PyTorch is a great framework to implement deep learning models, widely adopted in academia and industry around the globe. A core design principle of PyTorch is that users write *imperative* Python code that manipulates Tensors[^1]. This code can be organized in Modules, which are just Python classes whose constructors typically initialize parameters and load weights, and which implement a `forward` method that computes the forward pass. Dealing with reconstructing an inference graph, backpropagation and so on are left to the framework.
This approach works very well in general, as demonstrated by the popularity of PyTorch. However, the growing importance of the Adaptation pattern is challenging it.
Adaptation is the idea of *patching* existing powerful models to implement new capabilities. Those models are called foundation models; they are typically trained from scratch on amounts of data inaccessible to most individuals, small companies or research labs, and exhibit emergent properties. Examples of such models are LLMs (GPT, LLaMa, Mistral), image generation models (Stable Diffusion, Muse), vision models (BLIP-2, LLaVA 1.5, Fuyu-8B) but also models trained on more specific tasks such as embedding extraction (CLIP, DINOv2) or image segmentation (SAM).
Adaptation of foundational models can take many forms. One of the simplest but most powerful derives from fine-tuning: re-training a subset of the weights of the model on a specific task, then distributing only those weights. Add to this a trick to significantly reduce the size of the fine-tuned weights and you get LoRA[^2], which is probably the most well-known adaptation method. However, adaptation can go beyond that and change the shape of the model or its inputs.
There are several approaches to patch the code of a foundation model implemented in typical PyTorch imperative style to support adaptation, including:
- Just duplicate the original code base and edit it in place unconditionally. This approach is often adopted by researchers today.

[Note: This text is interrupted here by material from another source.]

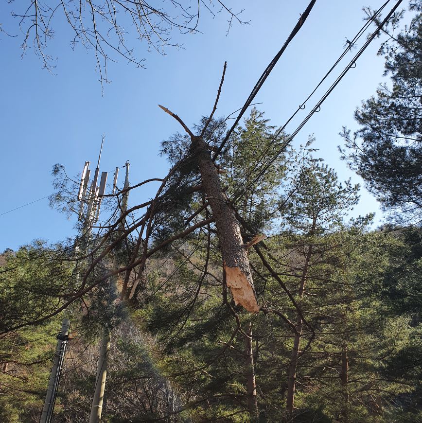 영월군 수주면 도원리 전선에 소나무 걸림 2.JPG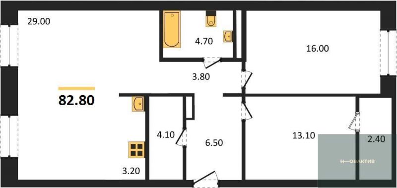 №57 2-к.квартира, 82.8 м², 8 эт.

- Change the original code base to optionally support the adapter. This approach is often used by frameworks and libraries built on top of PyTorch and works well for a single adapter. However, as you start adding support for multiple adapters to the same foundational module the cyclomatic complexity explodes and the code becomes hard to maintain and error-prone. The end result is that adapters typically do not compose well.
- Change the original code to abstract adaptation by adding ad-hoc hooks everywhere. This approach has the advantage of keeping the foundational model independent from its adapter, but it makes the code extremely non-linear and hard to reason about - so-called "spaghetti code".
As believers in adaptation, none of those approaches was appealing to us, so we designed Refiners as a better option. Refiners is a micro-framework built on top of PyTorch which does away with its imperative style. In Refiners, models are implemented in a *declarative* way instead, which makes them by nature easier to manipulate and patch.
Now that you know *why* we do that, you can check out [*how*](/concepts/chain/). It's not that hard, we promise!
[^1]: Paszke et al., 2019. PyTorch: An Imperative Style, High-Performance Deep Learning Library.
[^2]: Hu et al., 2022. LoRA: Low-Rank Adaptation of Large Language Models.